Theoretically, since the constituent power inheres in the people, it must follow that a radical amendment, even to the extent of altering the basic principles, can be made by way of a popular vote. It has been observed by the Irish courts that, “No organ of the State, including this Court, is competent to review or nullify a decision of the people … The will of the people as expressed in a referendum providing for the amendment of the Constitution is sacrosanct and if freely given, cannot be interfered with. The decision is theirs and theirs alone.”[2] Practically, that might not be a possibility in view of the vast powers exercised by the Supreme Court of India. Further, till now there has been no direct exercise of power by the Indian people. Even the Constituent Assembly was indirectly elected. What is noteworthy here is that referendum provides a way to express the sovereign will of the people which in itself holds a foundational value, thereby coming in direct conflict with the power of judicial review, if exercised to invalidate an amendment by way of a popular vote.

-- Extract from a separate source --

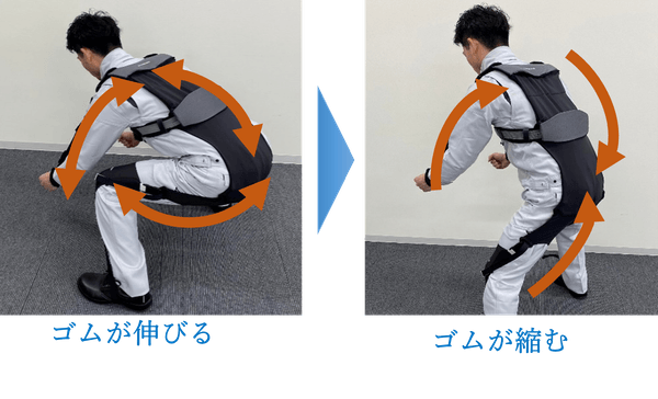 着用手順は、胸まわりと足まわり、腕まわりのベルトを締めるだけです。約1kgと非常に軽量なため着用の負担が少なく、背中、腰、脚、腕をアシストします。作業者が腰を落とした中腰姿勢をとり、土砂をすくおうとすると人工筋肉とゴム部分が伸長し、土砂をすくい上げる際に伸長した部分が収縮することでアシスト力を発揮し、作業負担を軽減します。また、本製品を着用することで不良姿勢を取りづらくなるため、中腰姿勢の荷物の持ち上げや持ち運び等の運搬作業の負担も軽減します。

With the rise in the number of states imposing limitations on the amending power, explicit or implicit, Upendra Baxi’s words become truly prophetic, his remark that the basic structure doctrine would go on to become the future constitution.



[1] Jeremy Waldron, Judicial Review and Judicial Supremacy (October 2, 2014). NYU School of Law, Public Law Research Paper No. 14-57. Available at SSRN:

[2] Hanafi v. Minister of the Environment, [1996] 2 ILRM 61, 183, cited in Yaniv Roznai, Unconstitutional Constitutional Amendmenst: The Limits of Amendment Powers 80 (Oxford University Press, 2017).


Zaid Deva is a student of law at Gujarat National Law University.